The problem | Every line in the data below has to be repeated exactly; no picture belongs in the result.

Stored data |
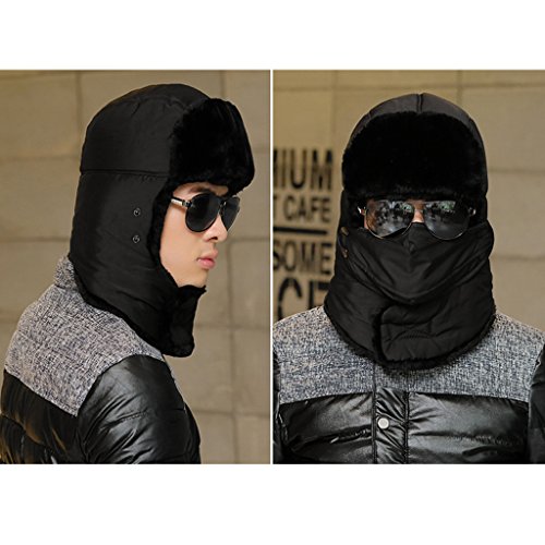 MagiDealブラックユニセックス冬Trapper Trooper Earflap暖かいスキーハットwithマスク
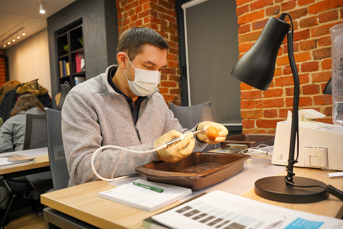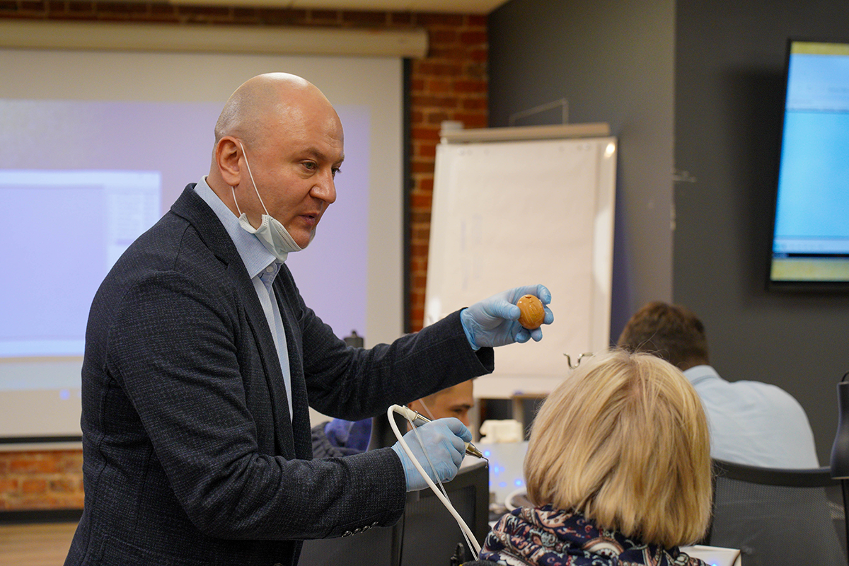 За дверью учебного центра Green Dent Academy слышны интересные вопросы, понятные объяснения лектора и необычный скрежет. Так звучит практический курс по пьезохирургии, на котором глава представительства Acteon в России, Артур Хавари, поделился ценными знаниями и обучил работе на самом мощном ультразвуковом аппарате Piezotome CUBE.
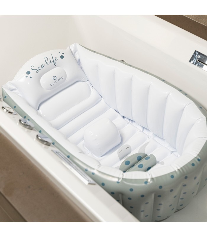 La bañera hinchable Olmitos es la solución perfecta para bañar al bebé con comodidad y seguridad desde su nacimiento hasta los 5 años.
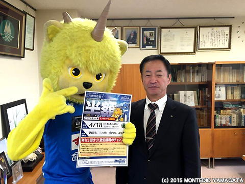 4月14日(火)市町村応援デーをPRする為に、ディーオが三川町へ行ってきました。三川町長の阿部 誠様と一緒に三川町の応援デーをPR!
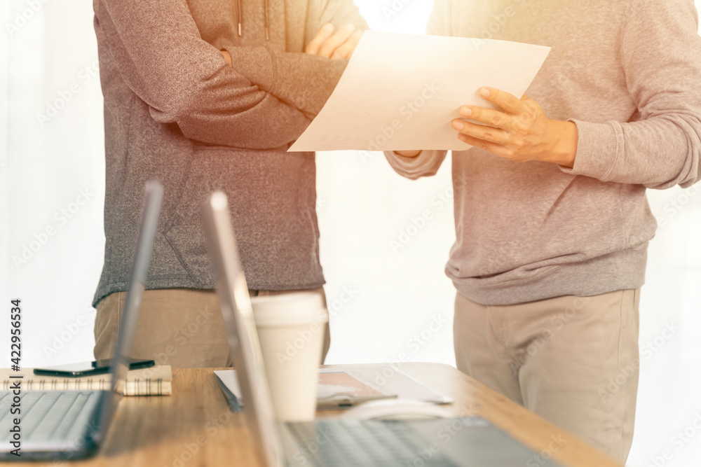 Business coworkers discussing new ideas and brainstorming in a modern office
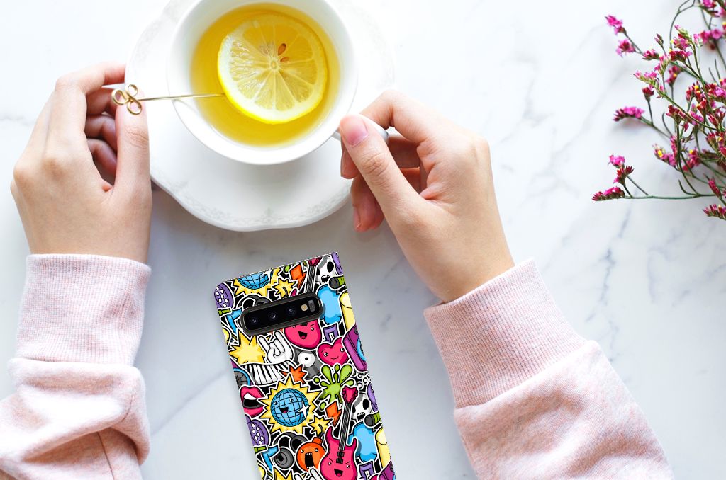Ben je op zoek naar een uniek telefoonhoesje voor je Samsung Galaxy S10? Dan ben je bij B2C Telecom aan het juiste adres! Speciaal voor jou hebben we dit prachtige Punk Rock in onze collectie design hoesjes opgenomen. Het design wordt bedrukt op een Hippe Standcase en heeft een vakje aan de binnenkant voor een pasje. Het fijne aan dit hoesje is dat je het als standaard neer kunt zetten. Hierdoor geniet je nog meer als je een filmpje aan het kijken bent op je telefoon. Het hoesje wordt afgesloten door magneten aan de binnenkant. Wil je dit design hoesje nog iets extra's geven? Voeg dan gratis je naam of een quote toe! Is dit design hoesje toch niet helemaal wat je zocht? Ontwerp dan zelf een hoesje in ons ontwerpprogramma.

Finished task |
 MagiDealブラックユニセックス冬Trapper Trooper Earflap暖かいスキーハットwithマスク
 За дверью учебного центра Green Dent Academy слышны интересные вопросы, понятные объяснения лектора и необычный скрежет. Так звучит практический курс по пьезохирургии, на котором глава представительства Acteon в России, Артур Хавари, поделился ценными знаниями и обучил работе на самом мощном ультразвуковом аппарате Piezotome CUBE.
 La bañera hinchable Olmitos es la solución perfecta para bañar al bebé con comodidad y seguridad desde su nacimiento hasta los 5 años.
 4月14日(火)市町村応援デーをPRする為に、ディーオが三川町へ行ってきました。三川町長の阿部 誠様と一緒に三川町の応援デーをPR!
 Business coworkers discussing new ideas and brainstorming in a modern office
Ben je op zoek naar een uniek telefoonhoesje voor je Samsung Galaxy S10? Dan ben je bij B2C Telecom aan het juiste adres! Speciaal voor jou hebben we dit prachtige Punk Rock in onze collectie design hoesjes opgenomen. Het design wordt bedrukt op een Hippe Standcase en heeft een vakje aan de binnenkant voor een pasje. Het fijne aan dit hoesje is dat je het als standaard neer kunt zetten. Hierdoor geniet je nog meer als je een filmpje aan het kijken bent op je telefoon. Het hoesje wordt afgesloten door magneten aan de binnenkant. Wil je dit design hoesje nog iets extra's geven? Voeg dan gratis je naam of een quote toe! Is dit design hoesje toch niet helemaal wat je zocht? Ontwerp dan zelf een hoesje in ons ontwerpprogramma.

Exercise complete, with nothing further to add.